WEEK 7 Flashcards
(66 cards)
MEDIATORS OF INFLAMMATION
- Inflammatory mediators (initiate and control inflammation) include histamine, kinins (bradykinin), neuropeptides, cytokines, eicosanoids etc
- What are eicosanoids? (prostaglandins)
- Group of polyunsaturated fatty acids
- Formed from arachidonic acid in phospholipid layer of cell membranes
- Important→ involved in majority of inflammatory reactions
- Most anti-inflammatory therapy is based on the manipulation of their biosynthesis
PROSTAGLANDINS (PGs) (eicosanoids)
- Kidney→ maintaining renal blood flow
- Inflammation → vasodilation and increased capillary permeability
- Stomach→ Lowers acid/ pepsin secretion, increases mucus secretion
- Platelets→ Aggregation
- Pain→ Central and peripheral mediator release
- Fever→ Pyrogen production
- Pregnant uterus→ Smooth muscle contraction
ANTI-INFLAMMATORY DRUGS
- Main drugs used for their broad spectrum anti-inflammatory effects are: NSAIDS and Steroidal anti-inflammatory drugs (glucocorticoids)

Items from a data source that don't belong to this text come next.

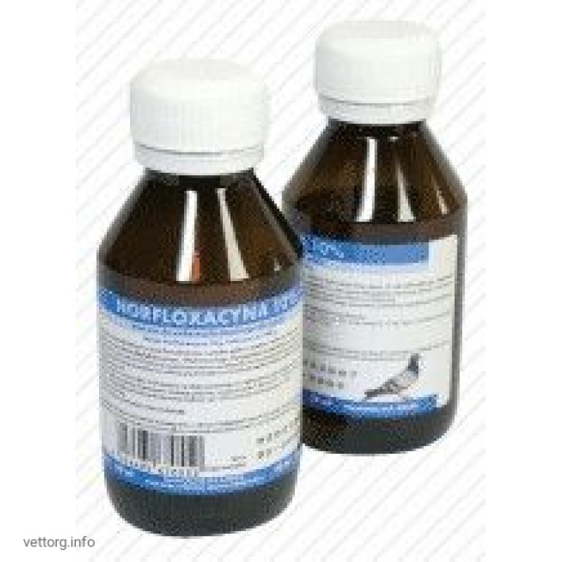 Голуби: 100-150 мл на 100 л воды (80-150 мгр норфлоксацина на 10 кг массы тела животного), ежедневно, давать вместе с водой в течении 3-4 дней.
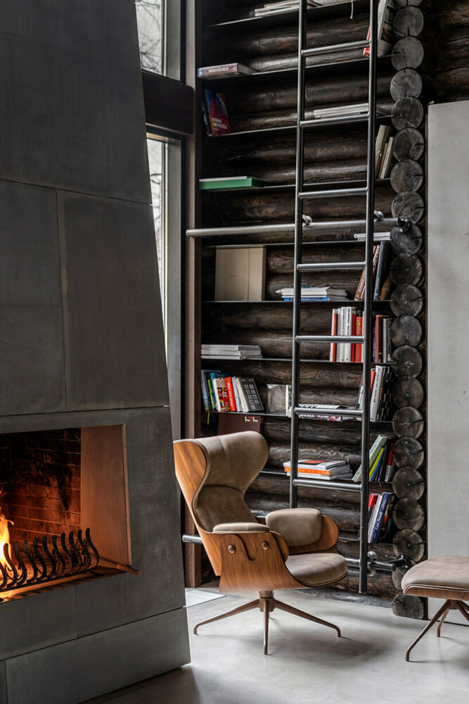 The need for natural daylight finds its way to the spacious living room, where scenic windows overlook the river. Opposite the entrance to the house, a fireplace covered with concrete panels introduces clear geometry to the layout. ‘Near the fireplace area are vertical metal shelves for a substantial library and a cozy reading chair. For convenience, the shelves are equipped with movable metal stairs,’ shares balbek bureau. The walls here are finished with plaster imitating concrete, while microcement unifies the flooring throughout the Relogged house.
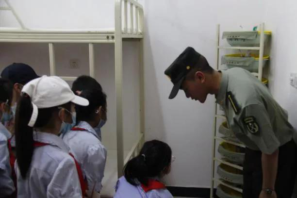 本次参观学习,同学们在士官学院志愿者的带领下进入到士官公寓,揭开了士官生宿舍的“神秘面纱”。看着棱角分明的“豆腐块”和整齐规划的内务设置,同学们发出了同一个声音——“哇塞!”。
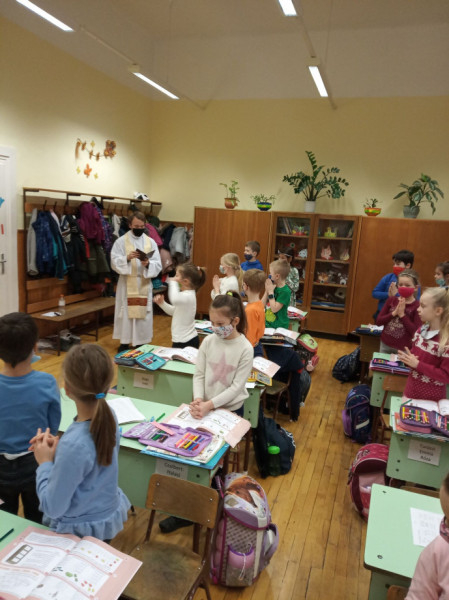 A tanítás megkezdésekor Demeter Sándor igazgató köszöntötte a tanulókat az iskolarádión keresztül, az ünnep jelentőségéről beszélve. Ezt követően Soltész Ádám káplán vette át a szót, aki Krisztus áldását kérte az iskolára, majd Resch Tamás káplánnal együtt végigjárták az épületet, és megáldottak minden tantermet és helyiséget. Ezután szentmisét mutattak be az iskolában, melynek főcelebránsa Szántó József főesperes, apát, plébános volt, aki a kápolna megáldását is végezte.

- Both classes exert their effect by inhibiting the formation of eicosanoids
- Anti inflammatory drugs used under more limited circumstances include:
- Disease modifying anti rheumatic drugs (DMARDS)
- Drugs used to treat gout
- Antihistamines
NSAIDs (Non steroidal anti-inflammatory drugs) OVERVIEW
- Grouped based on common mechanism of action- inhibition of cyclooxygenase (COX)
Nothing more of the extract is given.